- What you have to do -
When the line containing "汕頭市福創(chuàng)自" is found in the data below, copy it and each line after it through the line containing "Als 1798 die", exactly and with no others.

- Materials provided -
= Beginning of Section =

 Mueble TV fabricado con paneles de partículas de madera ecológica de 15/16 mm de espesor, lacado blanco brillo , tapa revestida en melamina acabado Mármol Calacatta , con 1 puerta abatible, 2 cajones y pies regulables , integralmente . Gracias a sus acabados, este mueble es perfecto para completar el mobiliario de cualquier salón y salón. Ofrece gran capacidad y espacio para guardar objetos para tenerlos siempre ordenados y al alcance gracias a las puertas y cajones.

= End of Section =
= Beginning of Section =

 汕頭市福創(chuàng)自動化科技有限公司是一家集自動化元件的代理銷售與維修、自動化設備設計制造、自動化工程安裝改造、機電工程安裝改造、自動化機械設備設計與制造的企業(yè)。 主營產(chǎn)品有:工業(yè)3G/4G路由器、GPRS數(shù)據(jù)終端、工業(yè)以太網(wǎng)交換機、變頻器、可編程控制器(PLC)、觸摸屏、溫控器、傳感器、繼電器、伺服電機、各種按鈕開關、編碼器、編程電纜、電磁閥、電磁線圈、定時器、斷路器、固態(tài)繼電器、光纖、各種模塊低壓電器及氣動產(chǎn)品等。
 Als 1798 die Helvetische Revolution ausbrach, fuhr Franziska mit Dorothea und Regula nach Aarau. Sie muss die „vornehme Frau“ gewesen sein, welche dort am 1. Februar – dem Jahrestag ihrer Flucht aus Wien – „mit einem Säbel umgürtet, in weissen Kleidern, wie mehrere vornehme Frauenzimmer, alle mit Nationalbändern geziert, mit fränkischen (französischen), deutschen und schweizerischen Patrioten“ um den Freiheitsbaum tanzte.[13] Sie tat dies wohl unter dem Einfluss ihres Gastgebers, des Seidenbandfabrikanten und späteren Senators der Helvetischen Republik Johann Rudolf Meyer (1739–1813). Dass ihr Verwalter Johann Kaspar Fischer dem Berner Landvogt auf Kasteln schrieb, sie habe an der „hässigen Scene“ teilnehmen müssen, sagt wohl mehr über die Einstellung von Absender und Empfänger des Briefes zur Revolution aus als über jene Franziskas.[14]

= End of Section =

- Result of the task -
 汕頭市福創(chuàng)自動化科技有限公司是一家集自動化元件的代理銷售與維修、自動化設備設計制造、自動化工程安裝改造、機電工程安裝改造、自動化機械設備設計與制造的企業(yè)。 主營產(chǎn)品有:工業(yè)3G/4G路由器、GPRS數(shù)據(jù)終端、工業(yè)以太網(wǎng)交換機、變頻器、可編程控制器(PLC)、觸摸屏、溫控器、傳感器、繼電器、伺服電機、各種按鈕開關、編碼器、編程電纜、電磁閥、電磁線圈、定時器、斷路器、固態(tài)繼電器、光纖、各種模塊低壓電器及氣動產(chǎn)品等。
 Als 1798 die Helvetische Revolution ausbrach, fuhr Franziska mit Dorothea und Regula nach Aarau. Sie muss die „vornehme Frau“ gewesen sein, welche dort am 1. Februar – dem Jahrestag ihrer Flucht aus Wien – „mit einem Säbel umgürtet, in weissen Kleidern, wie mehrere vornehme Frauenzimmer, alle mit Nationalbändern geziert, mit fränkischen (französischen), deutschen und schweizerischen Patrioten“ um den Freiheitsbaum tanzte.[13] Sie tat dies wohl unter dem Einfluss ihres Gastgebers, des Seidenbandfabrikanten und späteren Senators der Helvetischen Republik Johann Rudolf Meyer (1739–1813). Dass ihr Verwalter Johann Kaspar Fischer dem Berner Landvogt auf Kasteln schrieb, sie habe an der „hässigen Scene“ teilnehmen müssen, sagt wohl mehr über die Einstellung von Absender und Empfänger des Briefes zur Revolution aus als über jene Franziskas.[14]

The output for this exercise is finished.